Instructions for the task:
The lines to reproduce from the material below are those from the one containing "Digital Sheet Music" through the one containing "Laptop computer with", both included; write them out exactly and add nothing.

Data extract:
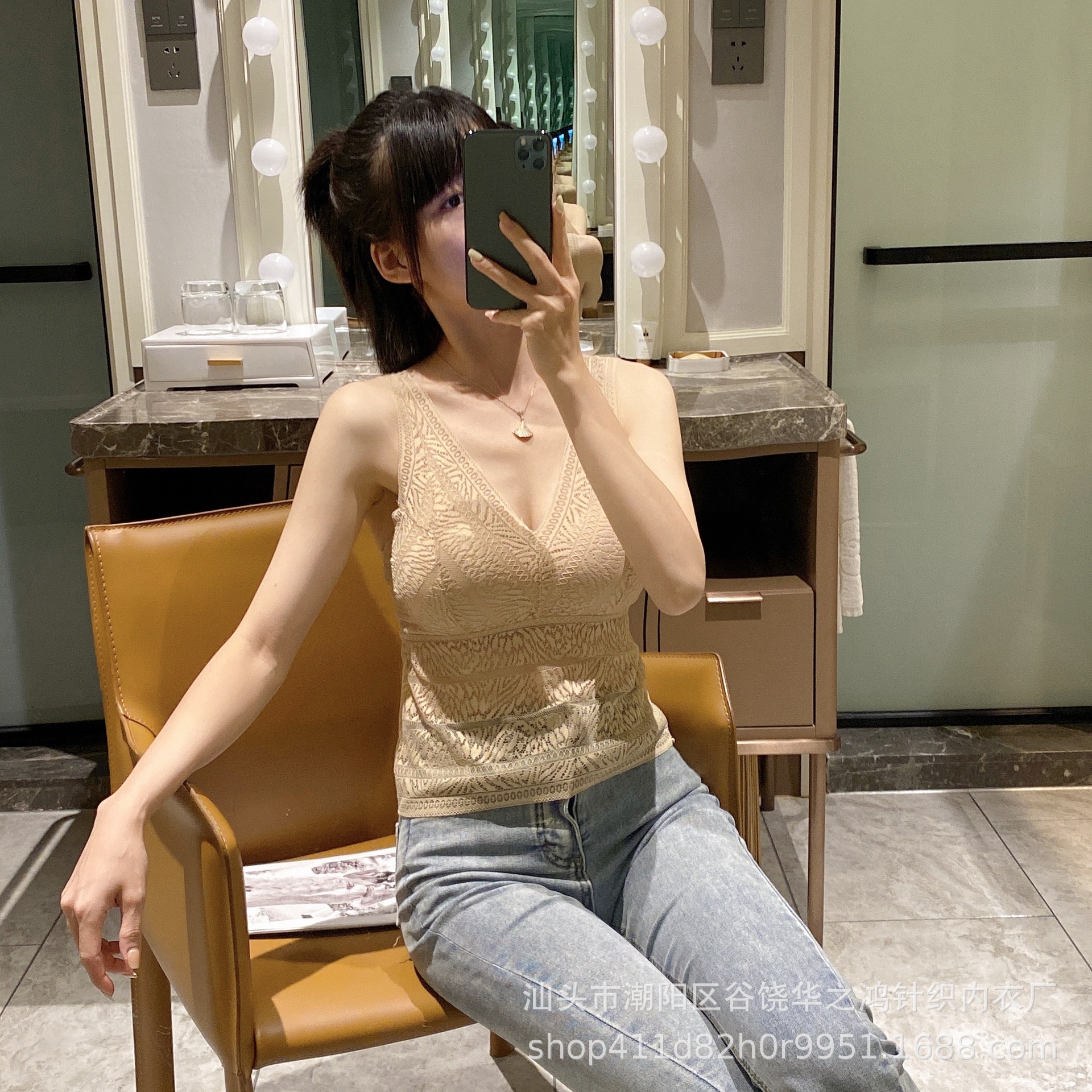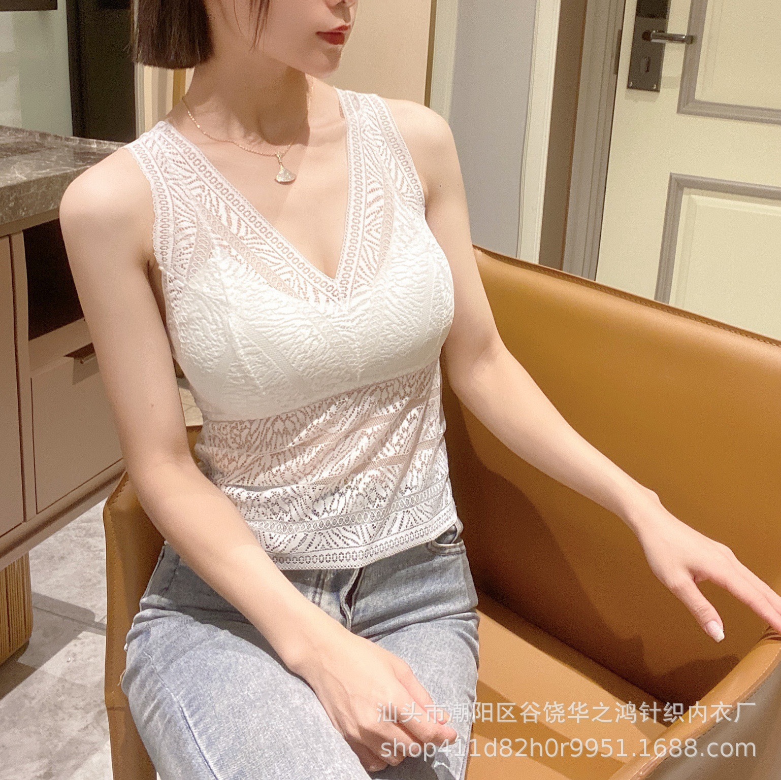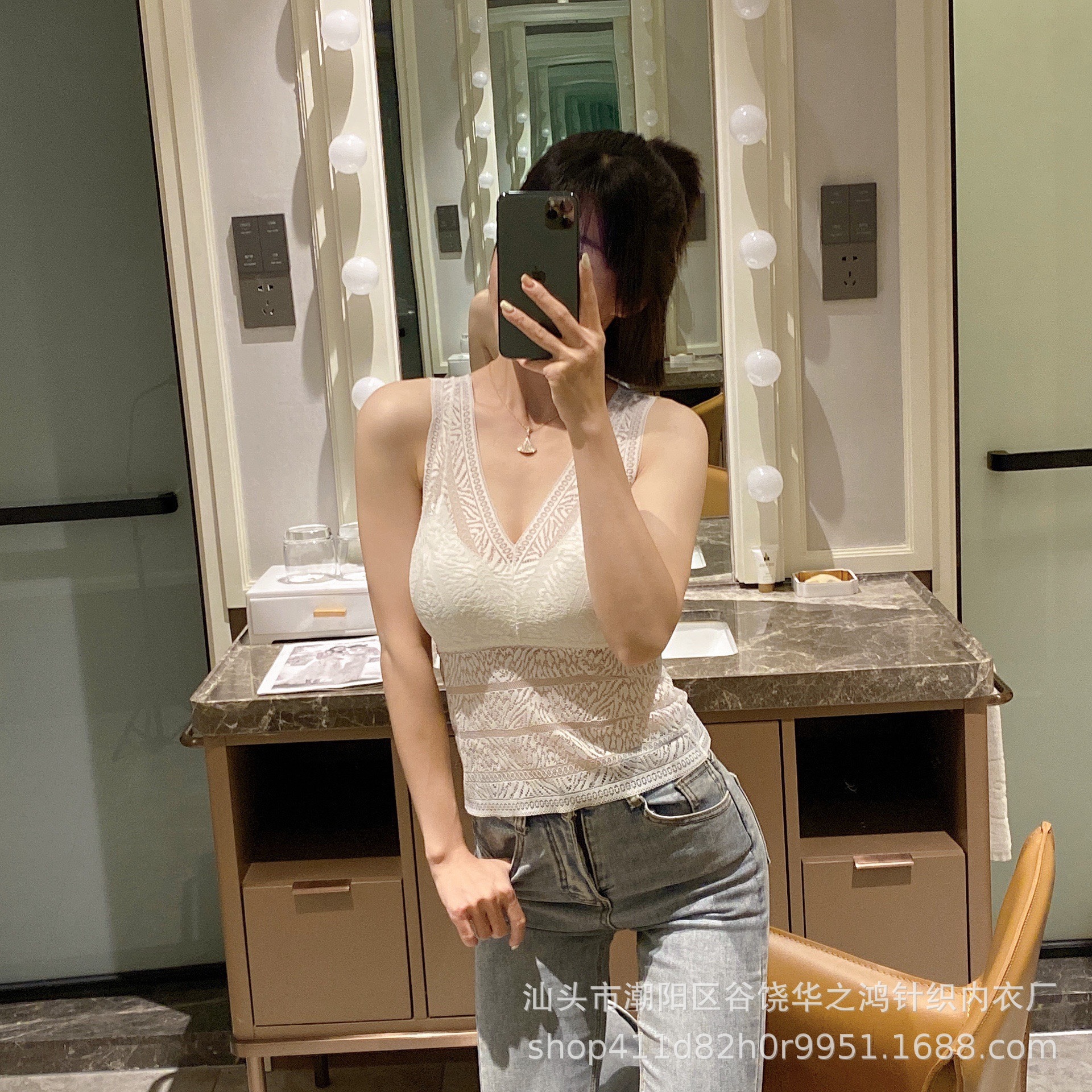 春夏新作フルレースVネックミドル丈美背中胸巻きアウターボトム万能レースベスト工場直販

...

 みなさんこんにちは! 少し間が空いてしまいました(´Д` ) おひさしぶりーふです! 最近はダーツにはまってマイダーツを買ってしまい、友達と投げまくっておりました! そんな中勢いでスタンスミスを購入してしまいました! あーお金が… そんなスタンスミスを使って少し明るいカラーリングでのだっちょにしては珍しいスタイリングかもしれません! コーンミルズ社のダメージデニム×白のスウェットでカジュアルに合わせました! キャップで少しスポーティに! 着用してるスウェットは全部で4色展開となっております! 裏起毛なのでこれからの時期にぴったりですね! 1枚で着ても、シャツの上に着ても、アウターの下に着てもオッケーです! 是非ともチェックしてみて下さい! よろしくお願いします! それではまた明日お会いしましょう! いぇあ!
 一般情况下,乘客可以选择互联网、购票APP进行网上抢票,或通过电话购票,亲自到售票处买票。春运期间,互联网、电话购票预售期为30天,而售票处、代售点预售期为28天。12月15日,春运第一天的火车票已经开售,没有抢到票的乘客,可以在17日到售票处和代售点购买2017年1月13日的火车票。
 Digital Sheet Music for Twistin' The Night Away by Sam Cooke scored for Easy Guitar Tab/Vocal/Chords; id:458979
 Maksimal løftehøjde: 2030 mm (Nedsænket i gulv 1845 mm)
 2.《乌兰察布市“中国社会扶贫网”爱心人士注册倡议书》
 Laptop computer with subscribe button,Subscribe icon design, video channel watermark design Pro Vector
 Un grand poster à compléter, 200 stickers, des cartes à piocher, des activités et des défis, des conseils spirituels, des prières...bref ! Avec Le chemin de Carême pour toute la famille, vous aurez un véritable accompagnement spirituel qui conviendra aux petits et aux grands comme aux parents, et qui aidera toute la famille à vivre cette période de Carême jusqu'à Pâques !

Worked solution:
 Digital Sheet Music for Twistin' The Night Away by Sam Cooke scored for Easy Guitar Tab/Vocal/Chords; id:458979
 Maksimal løftehøjde: 2030 mm (Nedsænket i gulv 1845 mm)
 2.《乌兰察布市“中国社会扶贫网”爱心人士注册倡议书》
 Laptop computer with subscribe button,Subscribe icon design, video channel watermark design Pro Vector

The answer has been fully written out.